RECORDS SUPPLIED ::

________

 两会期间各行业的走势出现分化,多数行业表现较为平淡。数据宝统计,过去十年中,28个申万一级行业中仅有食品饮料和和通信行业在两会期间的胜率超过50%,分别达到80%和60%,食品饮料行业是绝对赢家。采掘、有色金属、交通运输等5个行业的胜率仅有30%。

________

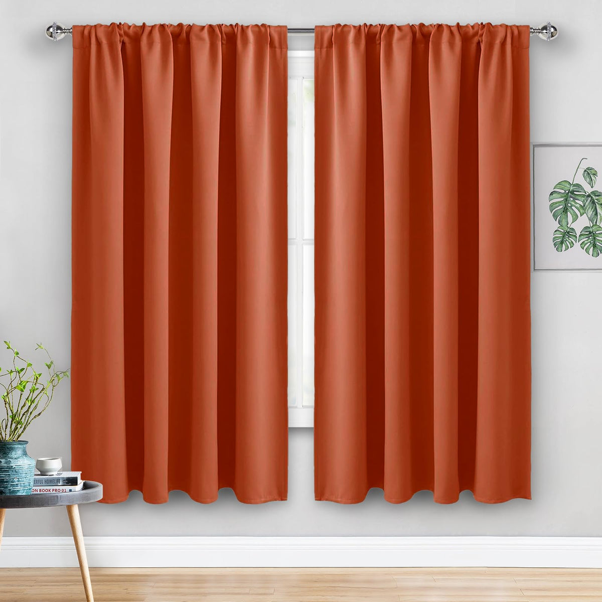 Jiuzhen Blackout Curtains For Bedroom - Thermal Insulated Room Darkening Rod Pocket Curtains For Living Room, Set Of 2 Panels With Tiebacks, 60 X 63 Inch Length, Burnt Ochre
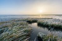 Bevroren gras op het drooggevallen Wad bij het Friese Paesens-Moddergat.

________

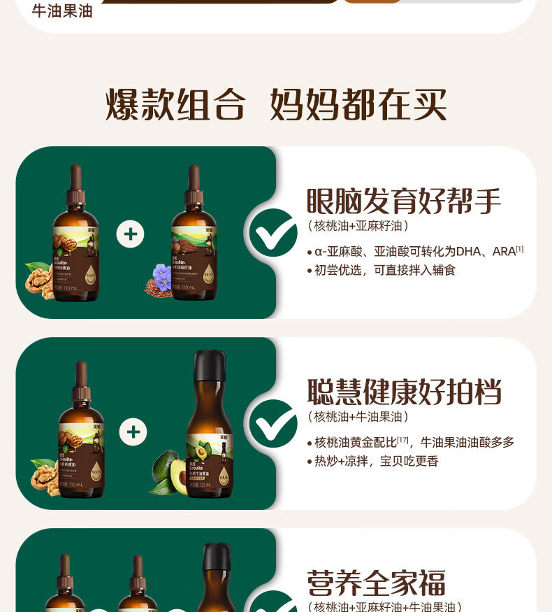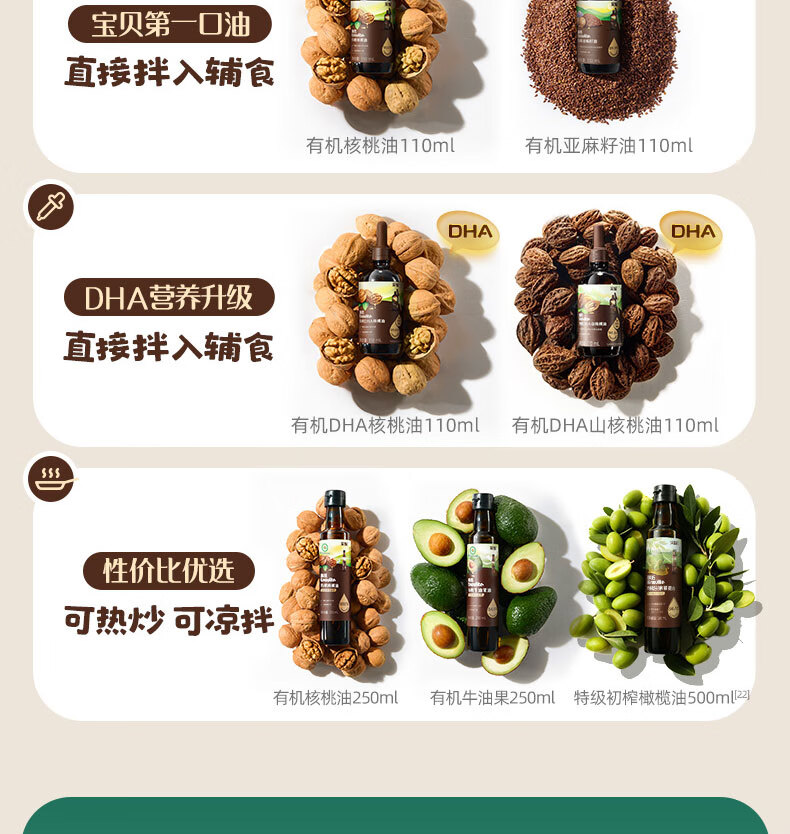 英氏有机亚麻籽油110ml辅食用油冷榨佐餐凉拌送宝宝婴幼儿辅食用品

________

Only one stretch of the entries above is needed: the lines from the one containing "Jiuzhen Blackout Curtains" through the one containing "Bevroren gras op". Copy it exactly, without the pictures.

 Jiuzhen Blackout Curtains For Bedroom - Thermal Insulated Room Darkening Rod Pocket Curtains For Living Room, Set Of 2 Panels With Tiebacks, 60 X 63 Inch Length, Burnt Ochre
 Bevroren gras op het drooggevallen Wad bij het Friese Paesens-Moddergat.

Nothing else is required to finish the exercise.